The lines to repeat are those below from the one containing "Add a touch" down to the one containing "collage of scientist", both included; reproduce them exactly and nothing else.

─── Exercise inputs ───

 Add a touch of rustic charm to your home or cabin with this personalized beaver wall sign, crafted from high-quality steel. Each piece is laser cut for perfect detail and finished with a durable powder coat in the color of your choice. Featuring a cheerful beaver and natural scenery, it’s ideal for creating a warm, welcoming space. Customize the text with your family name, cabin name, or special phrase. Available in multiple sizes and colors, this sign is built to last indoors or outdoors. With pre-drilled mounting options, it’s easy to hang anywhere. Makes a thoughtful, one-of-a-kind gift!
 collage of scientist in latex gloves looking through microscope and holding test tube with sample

───
─── Exercise inputs ───

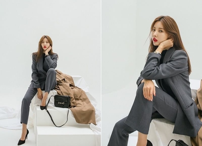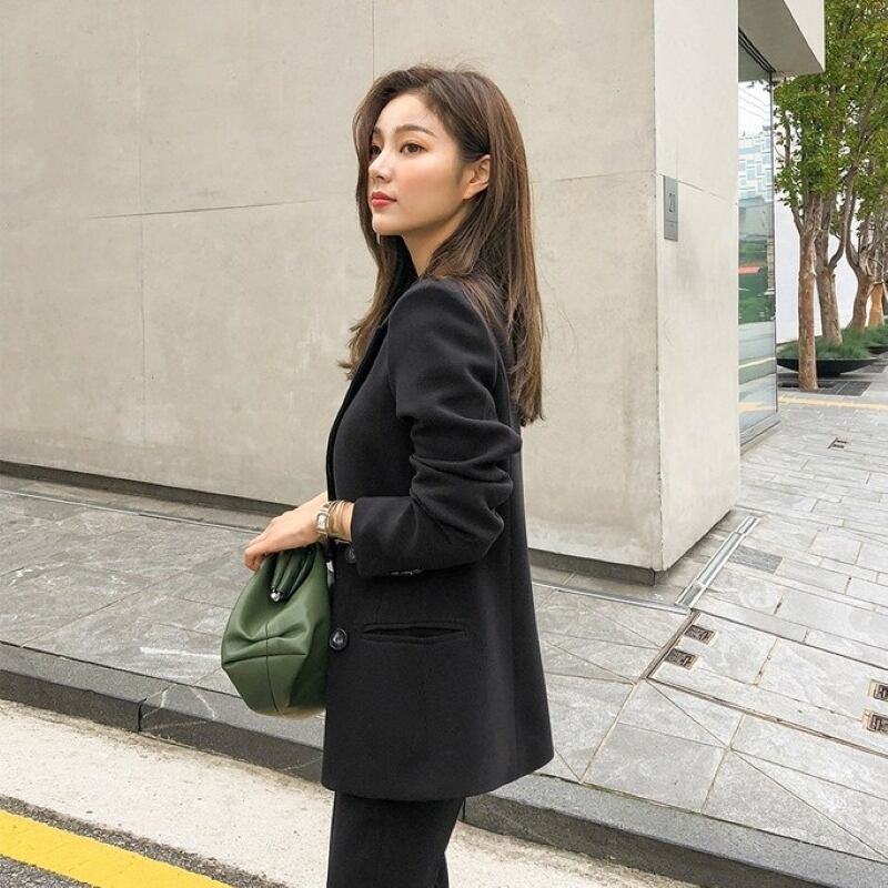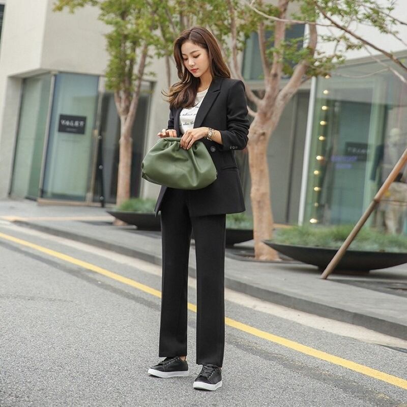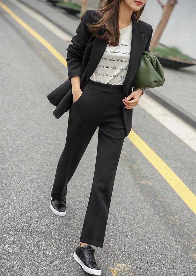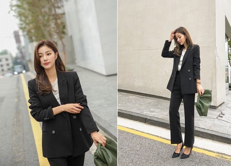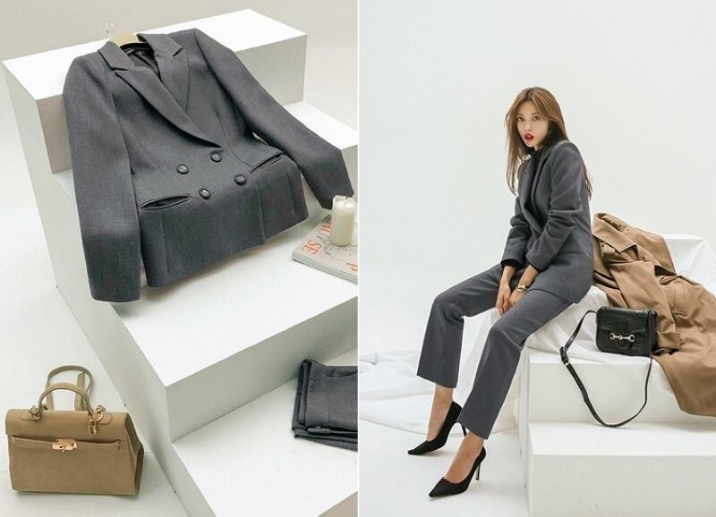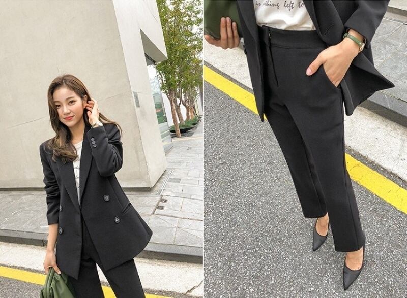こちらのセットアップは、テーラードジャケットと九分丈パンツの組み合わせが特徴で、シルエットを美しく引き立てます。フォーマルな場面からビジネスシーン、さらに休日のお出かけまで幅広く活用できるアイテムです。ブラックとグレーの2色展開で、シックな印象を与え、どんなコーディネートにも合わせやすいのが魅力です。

───

**Answer box:**
 Add a touch of rustic charm to your home or cabin with this personalized beaver wall sign, crafted from high-quality steel. Each piece is laser cut for perfect detail and finished with a durable powder coat in the color of your choice. Featuring a cheerful beaver and natural scenery, it’s ideal for creating a warm, welcoming space. Customize the text with your family name, cabin name, or special phrase. Available in multiple sizes and colors, this sign is built to last indoors or outdoors. With pre-drilled mounting options, it’s easy to hang anywhere. Makes a thoughtful, one-of-a-kind gift!
 collage of scientist in latex gloves looking through microscope and holding test tube with sample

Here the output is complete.